### Dataset extract
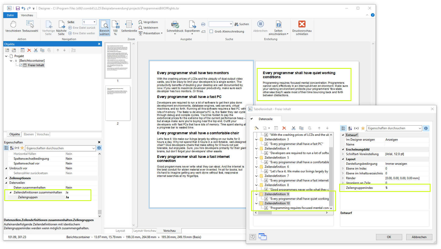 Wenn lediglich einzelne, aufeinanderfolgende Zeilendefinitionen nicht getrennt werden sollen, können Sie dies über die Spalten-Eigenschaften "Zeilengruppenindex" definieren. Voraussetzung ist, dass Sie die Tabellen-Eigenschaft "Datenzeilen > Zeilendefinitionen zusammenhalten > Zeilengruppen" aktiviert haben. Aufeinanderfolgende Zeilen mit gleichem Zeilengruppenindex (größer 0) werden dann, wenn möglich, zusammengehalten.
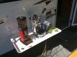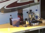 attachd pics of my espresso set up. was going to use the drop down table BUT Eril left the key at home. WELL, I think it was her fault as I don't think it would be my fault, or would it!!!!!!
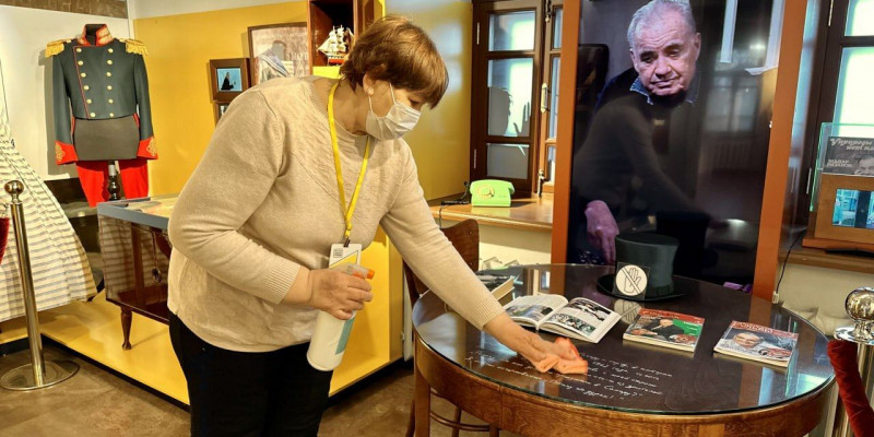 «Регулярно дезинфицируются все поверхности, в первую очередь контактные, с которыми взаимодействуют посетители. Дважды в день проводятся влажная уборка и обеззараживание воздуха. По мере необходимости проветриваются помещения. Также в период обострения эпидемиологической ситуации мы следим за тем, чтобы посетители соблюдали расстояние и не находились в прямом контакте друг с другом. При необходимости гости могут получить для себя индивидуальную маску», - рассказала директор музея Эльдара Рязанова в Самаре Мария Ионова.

### Work required
Could you transcribe all of the data exactly, keeping every picture out of the copy?

### Response to the task
 Wenn lediglich einzelne, aufeinanderfolgende Zeilendefinitionen nicht getrennt werden sollen, können Sie dies über die Spalten-Eigenschaften "Zeilengruppenindex" definieren. Voraussetzung ist, dass Sie die Tabellen-Eigenschaft "Datenzeilen > Zeilendefinitionen zusammenhalten > Zeilengruppen" aktiviert haben. Aufeinanderfolgende Zeilen mit gleichem Zeilengruppenindex (größer 0) werden dann, wenn möglich, zusammengehalten.
 attachd pics of my espresso set up. was going to use the drop down table BUT Eril left the key at home. WELL, I think it was her fault as I don't think it would be my fault, or would it!!!!!!
 «Регулярно дезинфицируются все поверхности, в первую очередь контактные, с которыми взаимодействуют посетители. Дважды в день проводятся влажная уборка и обеззараживание воздуха. По мере необходимости проветриваются помещения. Также в период обострения эпидемиологической ситуации мы следим за тем, чтобы посетители соблюдали расстояние и не находились в прямом контакте друг с другом. При необходимости гости могут получить для себя индивидуальную маску», - рассказала директор музея Эльдара Рязанова в Самаре Мария Ионова.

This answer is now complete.